▶ _What the task requires_:
Print exactly the lines from the one containing "Effortlessly stylish and" through the last line of the entries below; the pictures stay out of the copy.

▶ _Exercise input_:
────────

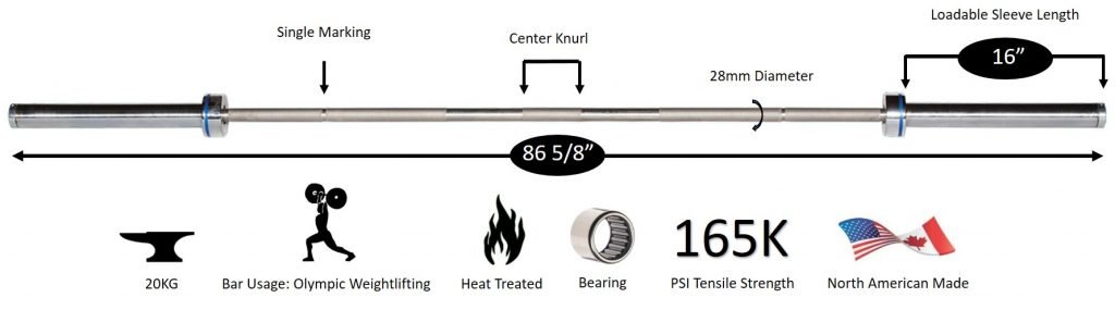 The YORK® “Elite” Olympic Stainless Steel Weight Bar has a minimum tensile strength of 165,000 PSI after heat treating.  The bar will not rust and the stainless steel is American made only North American steel is used in the making of this bar. It is flexible and an an excellent weight bar  for use when performing Olympic Lifts. The sleeve is secured on the bar using a bar end nut and spring pin. Sleeves are machined to a precise 1.975” diameter to accommodate 2” Olympic Plates.
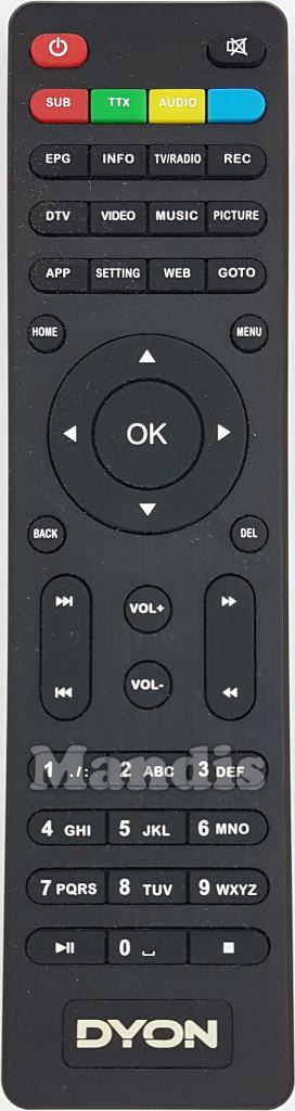 Accueil > Marques > Télécommande pour DYON001 > Répartition interactive des touches DYON001
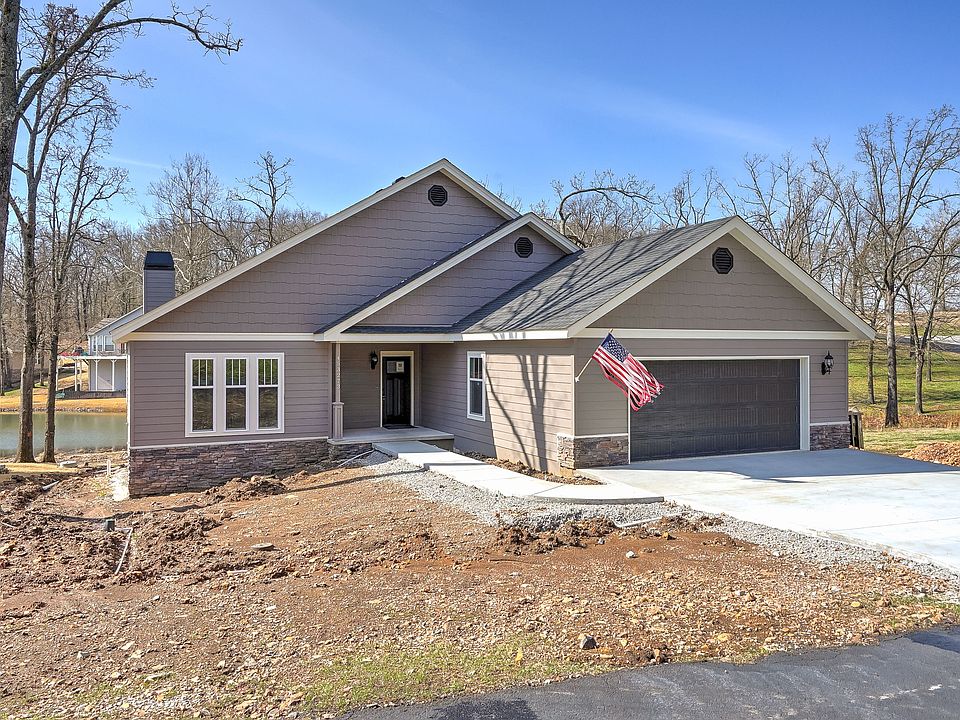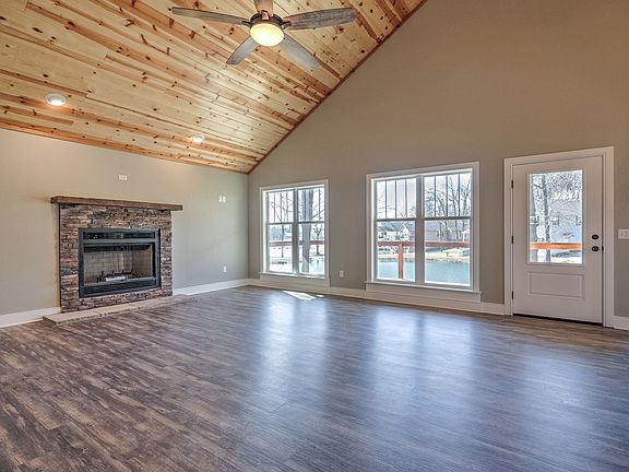 NEW CONSTRUCTION! Lake view home sets next to the ponds in The Vintage. Your Boat slip is a short walking distance to the lakeside. Beautiful layout and design. 4 spacious bedrooms. Master on main level. And opens to a private deck, from the office space in the room. Downstairs has a spacious family room/game room, plus 4th bedroom and bath. Opens to a great patio. Kitchen has huge island with rock finish & opens to the dining area. Custom cabinets with under lighting and pantry. Main living area has beautiful knotty pine vaulted ceiling and fireplace. Covered deck has plenty of room for outside entertaining. Vintage amenities include gated community, boat ramp & parking, loading dock, swimming pool & walking trails. Great location on the lake. (Additional lot next door w/slip avail)
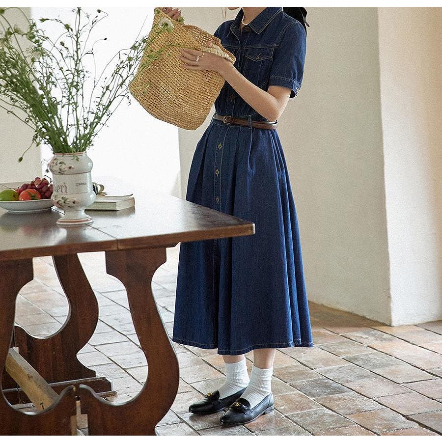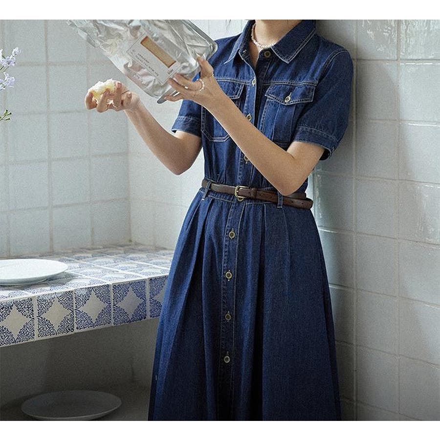 半袖シングルブレストデニムワンピース
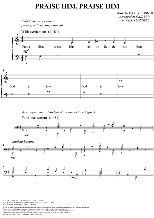 Digital Sheet Music for Praise Him, Praise Him by Gail Lew, Chris Lobdell, Carey Bonner scored for Easy Piano/Vocal; id:297164
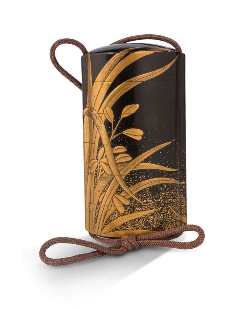 Inro à 5 cases en laque d'or maki-e et takamaki-e sur fond noir à décor d'orchidées sauvages. L'intérieur en laque nashiji.
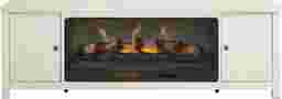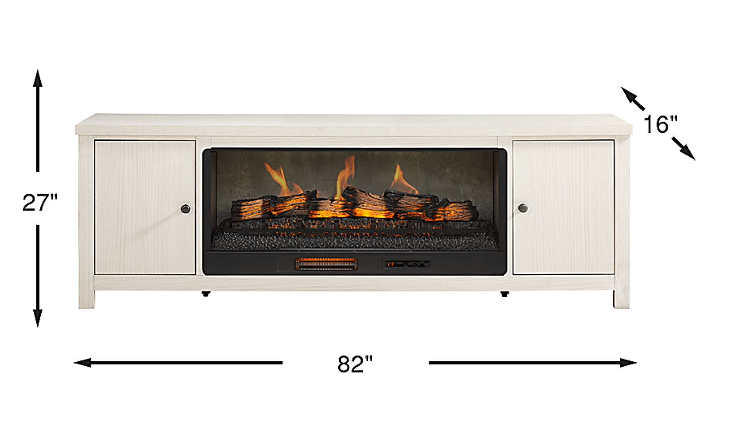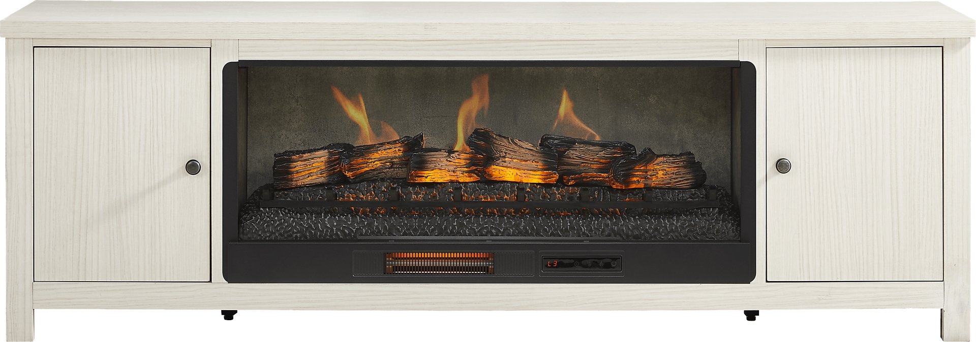Effortlessly stylish and thoughtfully designed, the High Mountain collection makes it easy to stay organized and fully immersed in your home entertainment space. This contemporary console features a silky white finish and a handsome square-shaped frame that delivers a timeless, grounded look. Rear wire management holes in the dual cabinets provide a clutter-free setup, while adjustable shelves offer flexible storage to support your organization needs. At the center, a removable log fireplace with flickering flames and faux embers, working with or without heat for a warm ambiance year-round.
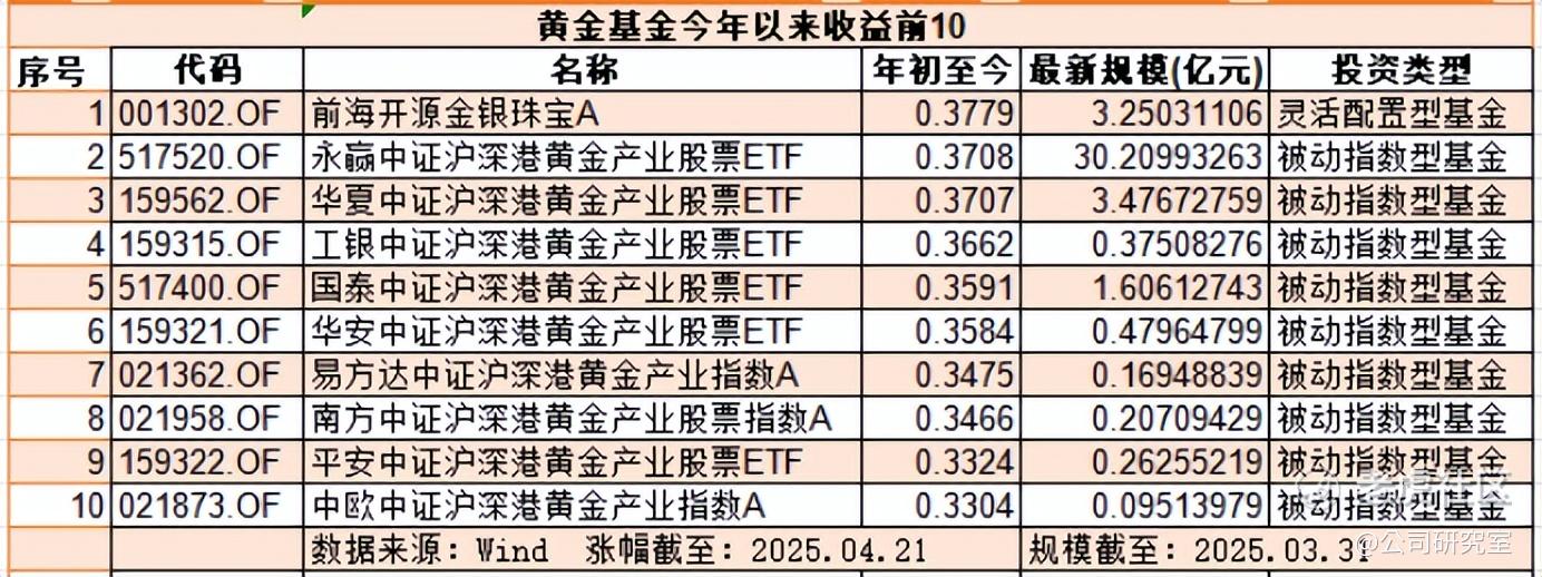 Wind数据显示,截至4月21日,国内涨幅前10的黄金主题基金中,包括前海开源、永赢、华夏、工银、国泰、华安、易方达、南方、平安、中欧基金公司旗下产品,而且全都是股票型基金,其中有6只ETF。

────────

▶ _Output of the exercise_:
Effortlessly stylish and thoughtfully designed, the High Mountain collection makes it easy to stay organized and fully immersed in your home entertainment space. This contemporary console features a silky white finish and a handsome square-shaped frame that delivers a timeless, grounded look. Rear wire management holes in the dual cabinets provide a clutter-free setup, while adjustable shelves offer flexible storage to support your organization needs. At the center, a removable log fireplace with flickering flames and faux embers, working with or without heat for a warm ambiance year-round.
 Wind数据显示,截至4月21日,国内涨幅前10的黄金主题基金中,包括前海开源、永赢、华夏、工银、国泰、华安、易方达、南方、平安、中欧基金公司旗下产品,而且全都是股票型基金,其中有6只ETF。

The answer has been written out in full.